Tuesday, September 13, 2011
Attack of the Warrior Gene Babies!
The so-called “warrior gene” is the reason babies have tantrums. And you thought it was creamed spinach. Okay, I lied. Actually, the first study on the effects of monoamine oxidase A (MAOA) on infants determined that the 3-repeat allele decreases behavioral regulation in Chinese baby girls. Crying was a controlled factor because it could represent fear rather than baby rage. Behavioral regulation was measured by gaze aversion from a menacing toy gorilla. Believe it or not, the inability to do this is associated with childhood externalizing behaviors like fighting and hitting.
The only significant main effect of MAOA was in the girls, which was fodder for interesting discussion of the gender differences and developmental component of the gene’s expression.
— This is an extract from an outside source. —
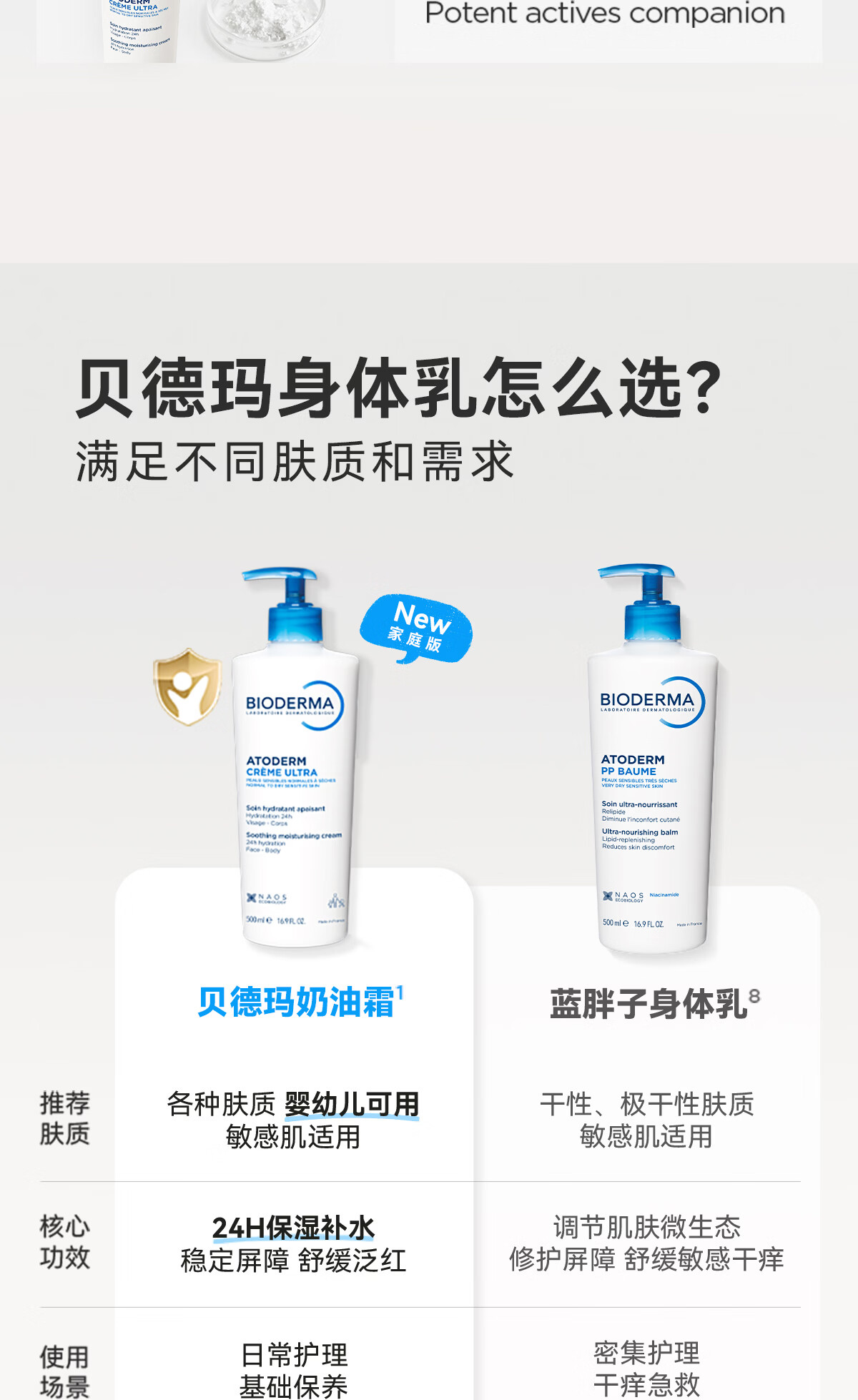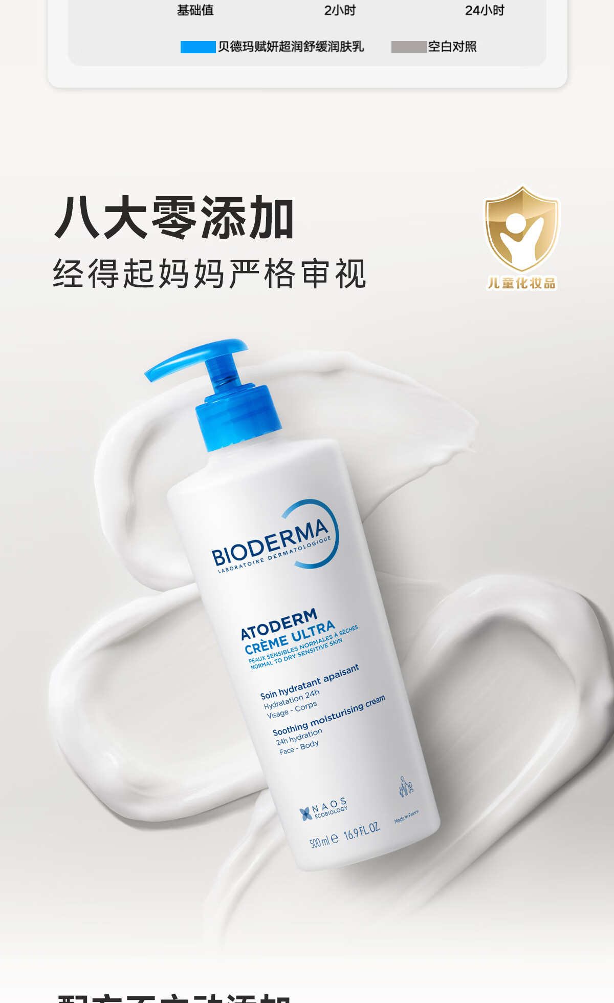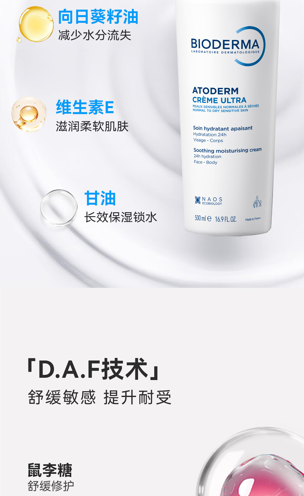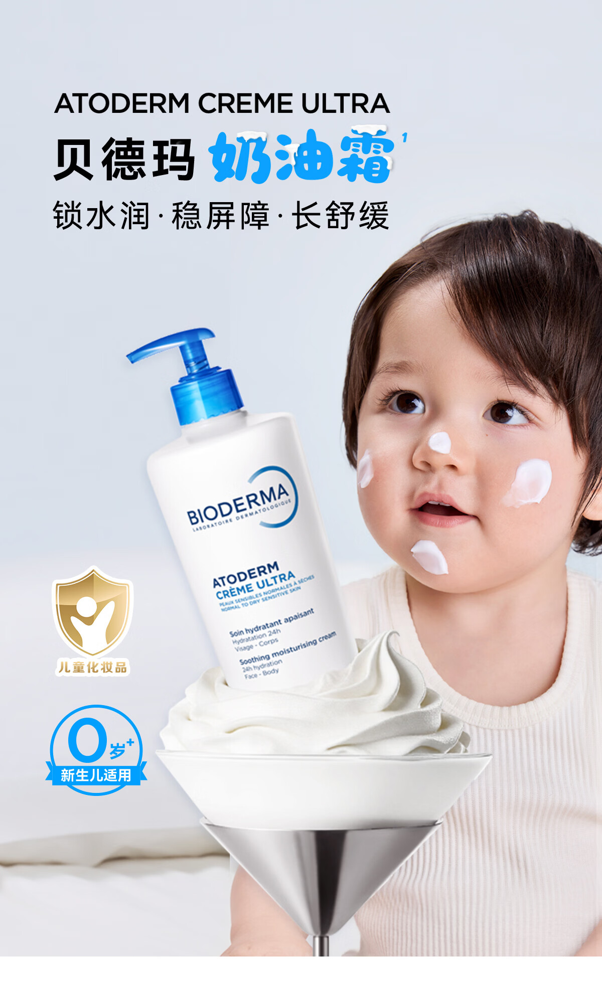 贝德玛(BIODERMA)家庭版小金盾贝德玛奶油霜身体乳婴幼儿保湿乳液无激素换季面霜 500ml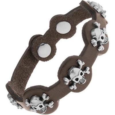 Tmavě hnědý kožený náramek na ruku, pět spojených kruhů s patinovanými lebkami z oceli, nýty, nastavitelná délka.

MAOA is subject to epigenetic methylation, but mostly just in women. The vast majority of that methylation seems to have already occurred by age 5, according to Wong et al. Increased methylation gives women more symptoms of alcohol and nicotine dependence but not antisocial personality disorder, according to Philibert et al. The warrior gene concerns a VNTR (variable number tandem repeat) promoter, but another study by Philibert et al recently discovered a second VNTR that seems to have a greater effect on antisocial personality disorder in women (but not men) than the heavily studied VNTR, and both VNTR influence MAOA methylation in women. The fact that the sex hormones testosterone and estradiol affect MAOA expression should also enter any thorough discussion of sex differences in the warrior gene. Such increasingly complex factors involved in MAOA expression in women are modifying a long-held view that MAOA does not affect women even when it is completely shut off in Brunner syndrome. Or as Dr. Phil put it, “[the warrior gene] is more rare in women, of course” which is not actually true, but at least he is trying.
Speaking of hormones, over the past decade many studies have examined the effects of testosterone and cortisol on aggression. One study determined that testosterone and cortisol even affect the militancy and aggression of Palestinians. Oddly, this research has never seemed to cross paths with research on the proven effects of testosterone and cortisol on MAOA expression. However, scientists have identified a gene-gene interaction between the androgen receptor and glucocorticoid receptor genes, so these might be violence genes just like MAOA, DAT1, DRD2, DRD4, and 5-HTTLPR.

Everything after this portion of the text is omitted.